When the house of cards tumbled and it looked like major banks were going to crumble under the weight of their own irresponsible actions. The government stepped. With our money. This was absolutely necessary and the banks knew it was necessary. Why was it necessary? Well in 1999 we repealed Glass-Steagall. A bill introduced and passed after the great depression that made it illegal for investment banks (risk taking gamblers) to gamble with the money of people’s savings accounts. When that got repealed, massive numbers of consumer banks merged with massive numbers of investment banks. And the money they were lending that caused the crash was the money in the average joe’s savings account. If the government hadn’t stepped in, everybody would have lost everything again.
So come back to this, the socialization of risk, and the privatization of profits. If one of these major banks makes bad decisions, the American people absorb the losses, and when their bad decisions work out, the banks pocket the profits.

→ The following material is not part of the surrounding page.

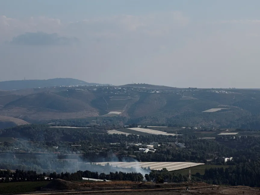 الدخان يتصاعد قرب بلدة مارون الراس عند الحدود اللبنانية الإسرائيلية. 11 أكتوبر 2013 - Reuters

This is a gross simplification of everything that happened and I suggest if you wish to come to a better understanding of why everything is so messed up right now, you check out books by Ph.D.’s in economics. I’m just a humble college dropout.
I’m still not done though. All the above was to demonstrate what I mean by the socialization of risk and the privatization of profits, and thus demonstrate what I mean when I make a distinction between de-regulation, and re-regulation. The government didn’t just tell F&F they could make these loans, they incentivised them to do so by threat of punishment should they not, and promise of reward if they did do this thing.
See how the market isn’t free? So if we don’t live in a capitalist country, then what is this? Well, it’s a new thing. Which is convenient for the politicians. When we were fighting fascists in WWII and communists during the cold war we ran our propaganda machines pretty hard against them. Neither of those things would fly in this country. Not blatantly.
So what we have is possibly worse. We have massive corporations that control the vast majority of wealth in this country. The total assets of the six largest banks in the country total 63% GDP. That is some incredibly buying power. If those banks fail by the way, we have seen, they will be bailed out with our money. When they make massive profits, they keep most of it for themselves. What do they do with this money? Well they’d like us to think they spend it all on jets and yachts, and expensive champaign. In reality, they leverage their buying power in the political marketplace. Around 90% of candidates elected in this country are those with the most money. Where does that money come from? Well of the greatest contributors to each of 2012’s presidential candidates. Goldman Sachs, Citigroup, J.P. Morgan Chase, and Morgan Stanley contributed to both of them. That’s just the official numbers. Who knows how many loopholes are exploited to ensure that major financial institutions can swing elections as they please? I do not. I expect it’s more than a few.
So here is what we know. The major financial institutions have the greatest sway over who is elected to office (money). The politicians that have been elected with the money of those institutions recently re-regulated the financial industry to enable those in that industry to make a significant amount of money in the short term. The government also then handed over taxpayer dollars when the house of cards fell.
Bank of America recently was found to be foreclosing on homes they couldn’t actually prove they owned. Last time I checked a poor person can go to prison for stealing a car. Bank of America was stealing the homes of thousands of people and they just got fined.
In the end, the name of this kind of government will be determined by future generations. For now, I’ll just have to sum it up by saying: I don’t know what to call it, but it sure does suck.